The condition was really remarkable. Outside of some inside mineral deposit and some slight scuffing, it was perfect. It has seams coming down each side from the top meeting a molded ring near the bottom of the sphere. I take that to be a three-part mold. The neck is tiny with a very crude sheared mouth. You can imagine the glass blower stretching the molten glass to tear the target off of the blowing rod. The glass itself is crude, thin and uneven. In short, it is beautiful! It is also simply amazing that something seemingly so fragile and delicate could be found in such great condition.

We returned to the spot on other days to search for more. My brother dove without gloves (at some risk to his fingers) to enhance his sense of touch. He only came back with a few broken shards, though. We never found another whole one.

This story shows no particular skill or extraordinary effort on my part. I was simply doing the right thing, in the right place, at the right time. It was the place my brother just sent me to. Nonetheless, I still consider myself lucky to have found a target ball. Thanks again are in order to my brother. Thank you for the spot. Oh, and one last bit of thanks to the gentleman or lady who was out shooting a long, long, long time ago. By missing their mark, they allowed us divers to be right on target!


----------



## blobbottlebob (Jan 17, 2009)

This is what it looks like in regular light.


----------



## blobbottlebob (Jan 17, 2009)

Here's an attempt to show some of the glass crudity.


----------



## blobbottlebob (Jan 17, 2009)

And the nice yellow amber color.


----------



## southern Maine diver (Jan 17, 2009)

Hey Bob...

 Great story and nice balls... 

 I don't think we have much of a chance of finding target balls around here.
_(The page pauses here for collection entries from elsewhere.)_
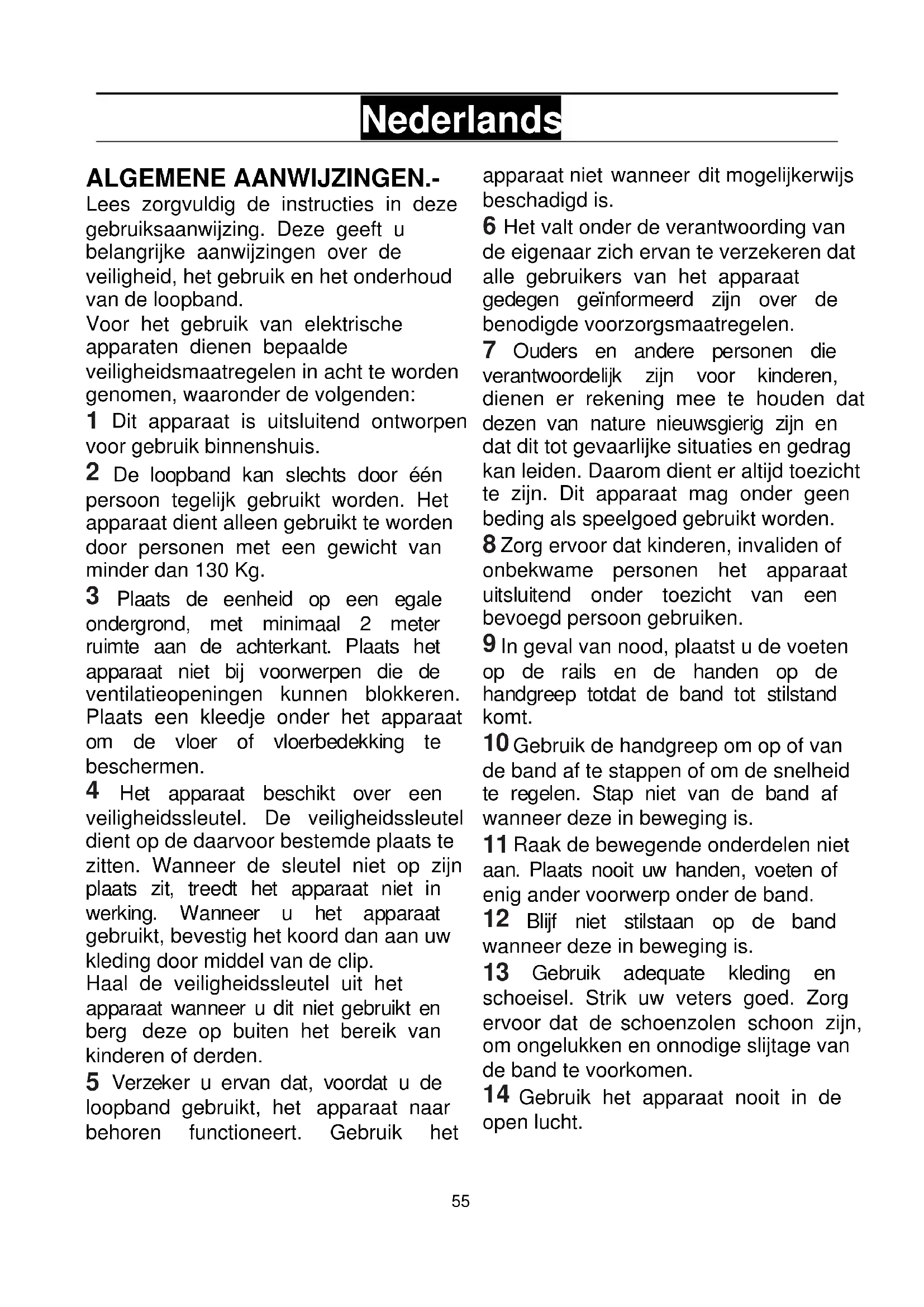 Nederlands ALGEMENE AANWIJZINGEN.- Lees zorgvuldig de instructies in deze gebruiksaanwijzing. Deze geeft u belangrijke aanwijzingen over de veiligheid, het gebruik en het onderhoud van de loopband. Voor het gebruik van elektrische apparaten dienen bepaalde veiligheidsmaatregelen in acht te worden genomen, waaronder de volgenden: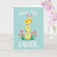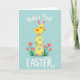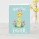 This card shows a bright yellow little bird wearing tall pink bunny ears with darker spots, perched a bit wobbly atop two oversized eggs in a way that suggests a friendly, teasing moment 🐰. The eggs are sunny yellow and decorated with curling blue spiral patterns that wrap around their rounded sides. Behind everything sits a pale sky-blue background sprinkled with many tiny white dots, like light confetti drifting down. Below the eggs, a small cluster of coral-pink tulip-like flowers rises on green stems, each bloom opening to reveal a tiny yellow heart that feels like a quiet nod to affection 🌷. The main text, “Baby’s First Happy EASTER,” appears in rounded white letters, arranged to frame the central stack without covering the character. The words “Baby’s First” and “Happy” sit above, while “EASTER” is placed lower and larger, balancing the design. The pink ears tilt slightly outward, and the blue spirals on the eggs curl toward the right.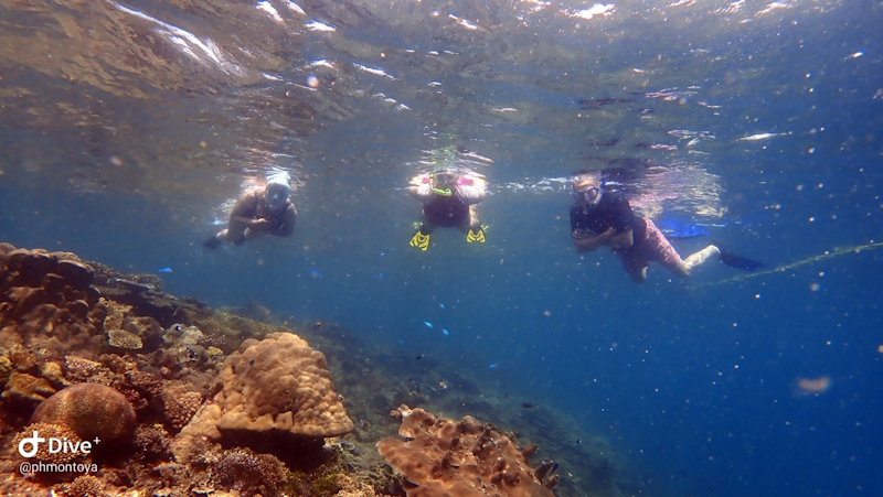Three snorkellers, taken with an underwater camera.
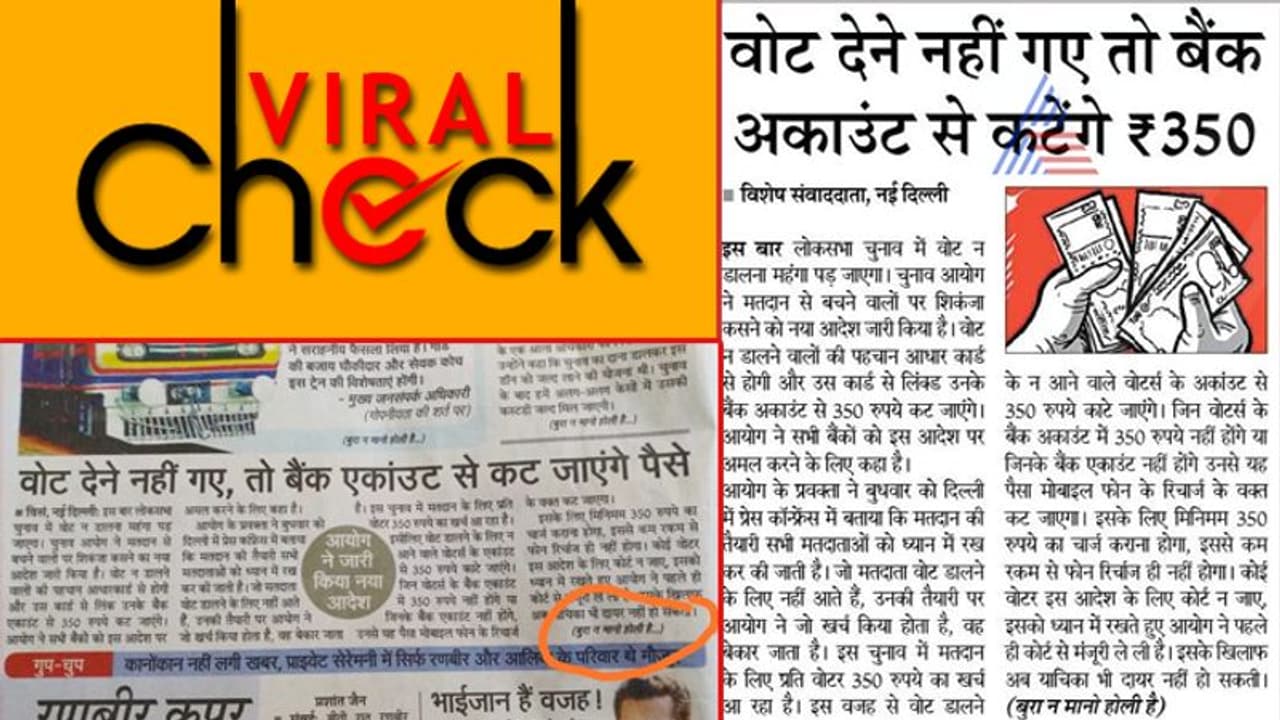 ಲೋಕಸಭಾ ಚುನಾವಣೆಯಲ್ಲಿ ಮತ ಚಲಾಯಿಸದಿದ್ದರೆ, ನಿಮ್ಮ ಬ್ಯಾಂಕ್ ಖಾತೆಯಿಂದ 350 ರು. ಹಣ ಕಡಿತಗೊಳಿಸಲಾಗುತ್ತದೆ ಎಂಬ ಸಂದೇಶ ಹರಿದಾಡುತ್ತಿದೆ. ಇದು ನಿಜಾನಾ? ಇಲ್ಲಿದೆ ಸುದ್ದಿ ಹಿಂದಿನ ಸತ್ಯಾಸತ್ಯತೆ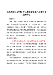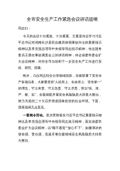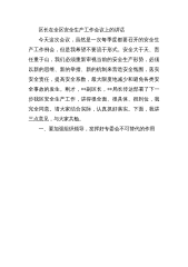 全区第四季度(冬季)安全生产工作会议暨消安委第四季度工作会议讲话提纲同志们:现在开会。这次全区安全生产和消防安全工作会议,主要任务深入学习贯彻习近平总书记关于安全生产和消防安全的重要论述和指示批示精神,通报近期重大事故隐患工作开展情况,传达“消防宣传月”安全隐患专项活动方案,分析研判当前安全形势和突出问题,部署冬季安全生产和消防安全重点工作,有效防范化解重大安全风险,坚决遏制重特大事故,推动全区安全生产形势持续稳定向好。参加今天会议的有各乡镇(街道)乡镇长(主任),区安委会成员单位主要负责人或分管负责人,经济开发区、高端产业聚集区分管负责人,全区部分重点企业主要负责人。今天的会议共有四项议程,...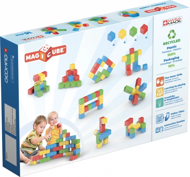 Stavění je bezpečné, zábavné a bez obrazovek. Kostky jsou odolné, příjemné do ruky a díky magnetům drží pevně pohromadě. Sada 16 dílků je skvělým startem do světa magnetických stavebnic a lze ji snadno rozšiřovat o další sety GEOMAG.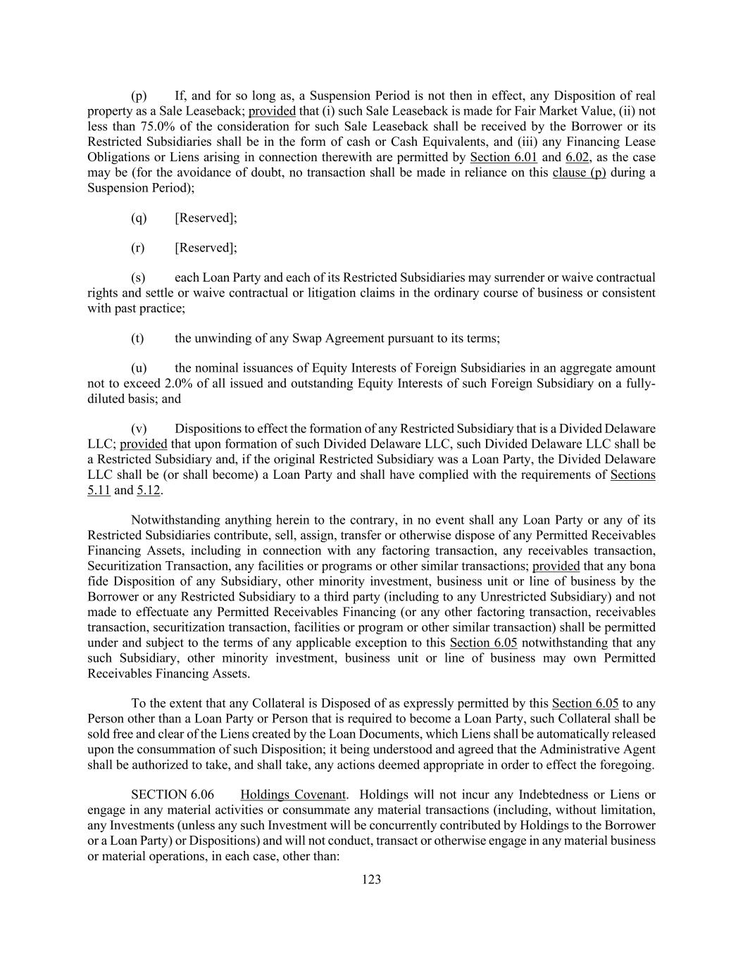 123 (p) If, and for so long as, a Suspension Period is not then in effect, any Disposition of real property as a Sale Leaseback; provided that (i) such Sale Leaseback is made for Fair Market Value, (ii) not less than 75.0% of the consideration for such Sale Leaseback shall be received by the Borrower or its Restricted Subsidiaries shall be in the form of cash or Cash Equivalents, and (iii) any Financing Lease Obligations or Liens arising in connection therewith are permitted by Section 6.01 and 6.02, as the case may be (for the avoidance of doubt, no transaction shall be made in reliance on this clause (p) during a Suspension Period); (q) [Reserved]; (r) [Reserved]; (s) each Loan Party and each of its Restricted Subsidiaries may surrender or waive contractual rights and settle or waive contractual or litigation claims in the ordinary course of business or consistent with past practice; (t) the unwinding of any Swap Agreement pursuant to its terms; (u) the nominal issuances of Equity Interests of Foreign Subsidiaries in an aggregate amount not to exceed 2.0% of all issued and outstanding Equity Interests of such Foreign Subsidiary on a fully- diluted basis; and (v) Dispositions to effect the formation of any Restricted Subsidiary that is a Divided Delaware LLC; provided that upon formation of such Divided Delaware LLC, such Divided Delaware LLC shall be a Restricted Subsidiary and, if the original Restricted Subsidiary was a Loan Party, the Divided Delaware LLC shall be (or shall become) a Loan Party and shall have complied with the requirements of Sections 5.11 and 5.12. Notwithstanding anything herein to the contrary, in no event shall any Loan Party or any of its Restricted Subsidiaries contribute, sell, assign, transfer or otherwise dispose of any Permitted Receivables Financing Assets, including in connection with any factoring transaction, any receivables transaction, Securitization Transaction, any facilities or programs or other similar transactions; provided that any bona fide Disposition of any Subsidiary, other minority investment, business unit or line of business by the Borrower or any Restricted Subsidiary to a third party (including to any Unrestricted Subsidiary) and not made to effectuate any Permitted Receivables Financing (or any other factoring transaction, receivables transaction, securitization transaction, facilities or program or other similar transaction) shall be permitted under and subject to the terms of any applicable exception to this Section 6.05 notwithstanding that any such Subsidiary, other minority investment, business unit or line of business may own Permitted Receivables Financing Assets. To the extent that any Collateral is Disposed of as expressly permitted by this Section 6.05 to any Person other than a Loan Party or Person that is required to become a Loan Party, such Collateral shall be sold free and clear of the Liens created by the Loan Documents, which Liens shall be automatically released upon the consummation of such Disposition; it being understood and agreed that the Administrative Agent shall be authorized to take, and shall take, any actions deemed appropriate in order to effect the foregoing. SECTION 6.06 Holdings Covenant. Holdings will not incur any Indebtedness or Liens or engage in any material activities or consummate any material transactions (including, without limitation, any Investments (unless any such Investment will be concurrently contributed by Holdings to the Borrower or a Loan Party) or Dispositions) and will not conduct, transact or otherwise engage in any material business or material operations, in each case, other than: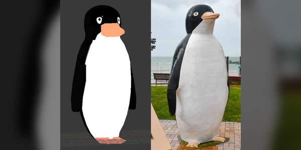 Following this tutorial, I began work on my own idea for a 3D model, which was based on the tourist attraction in Penguin, Tasmania - "The Big Penguin". This process went a lot more smoothly than the barrel, probably because I had warmed up to 3D modelling once again. As for the model itself, while I did try to get it as close as possible to the real thing, it does look slightly off. Here's a side-by-side comparison showing my model and its real life counterpart.

They probably shot at other things for target practice up here, like... target lobster!!!

 Wayne[&:]


----------



## blobbottlebob (Jan 17, 2009)

That is so awesome. Do you know how much that would cost to buy in Wisconsin? If you were selling them, you could buy some great gear for what you have there.


----------



## southern Maine diver (Jan 17, 2009)

Hey Bob...

 I could send some out your way for a target ball...[8|]


----------



## blobbottlebob (Jan 17, 2009)

That's a tempting offer Wayne! I can't say that I collect these because this is the only one I've ever found. However, I am a little attached to it. Those beauties sure look tasty!


----------



## southern Maine diver (Jan 17, 2009)

Hey bob...

 There must be more where that one came from... maybe I could swing up that way some time and do some diving in the Big lake area.[]


----------



## Dabeel (Jan 17, 2009)

Great Story Bob!

 I think about the odds of you finding a target ball is equal to the chance of a lottery ticket
 hitting big!

 Nice Story!

 Doug


----------



## blobbottlebob (Jan 17, 2009)

Hey Wayne. This is not a joke. I will take you right to the spot if you want to try it. (We probably have about 25 tanks in since I found the last one. None have been found since and it is not a big search area.) If you do decide to come, bring some tasty local finds!


----------



## blobbottlebob (Jan 17, 2009)

Thanks Doug,
 I suppose that my odds of hitting it big we're greatly increased by the fact that I knew almost exactly where they were. There was a little bluff along the shoreline where the shooters must have been standing. I also got a little lucky on my landing zone theory. It still is amazing, though.


----------



## blobbottlebob (Jan 25, 2009)

> Hey Bob...
> 
> Great story and nice balls...
> 
> ...


 
 Hey Wayne,
 We don't find those honking lobsters around here. I'm jealous too. We've got cute little crayfish and also a few turtles now and then. Here's my buddy Jim holding a painted turtle. We removed several leaches from his legs then released him.


----------



## Just Dig it (Feb 2, 2009)

Congratulations on a great find = )    If i found one i would make it a sweet acrylic light box encased in steel and four feet of concrete with rebar outside of that. but seriously all jokes aside thats a beauty it must be great to be able to just go dive and escape the dirt ...keep up the good work. Eric


----------



## blobbottlebob (Feb 2, 2009)

Thanks Eric!
 It was really fun to find it. Oddly enough, we still haven't escaped the dirt and mud because we just end up crawling through it on the bottom of the lakes or rivers. I have a great picture of one of my buddies covered in weeds and mud that I'll search out. I haven't built any display box for it. That's on my "get round to it someday" list.


----------



## appliedlips (Feb 2, 2009)

Good story Bob. That is a very nice ball,too bad they were good enough shots to break the others.I wrote one about my son & his friend for Ralph's magazine back in 06.Unfortunately the target ball we wrote about was in pieces.I will try to post the story sometime.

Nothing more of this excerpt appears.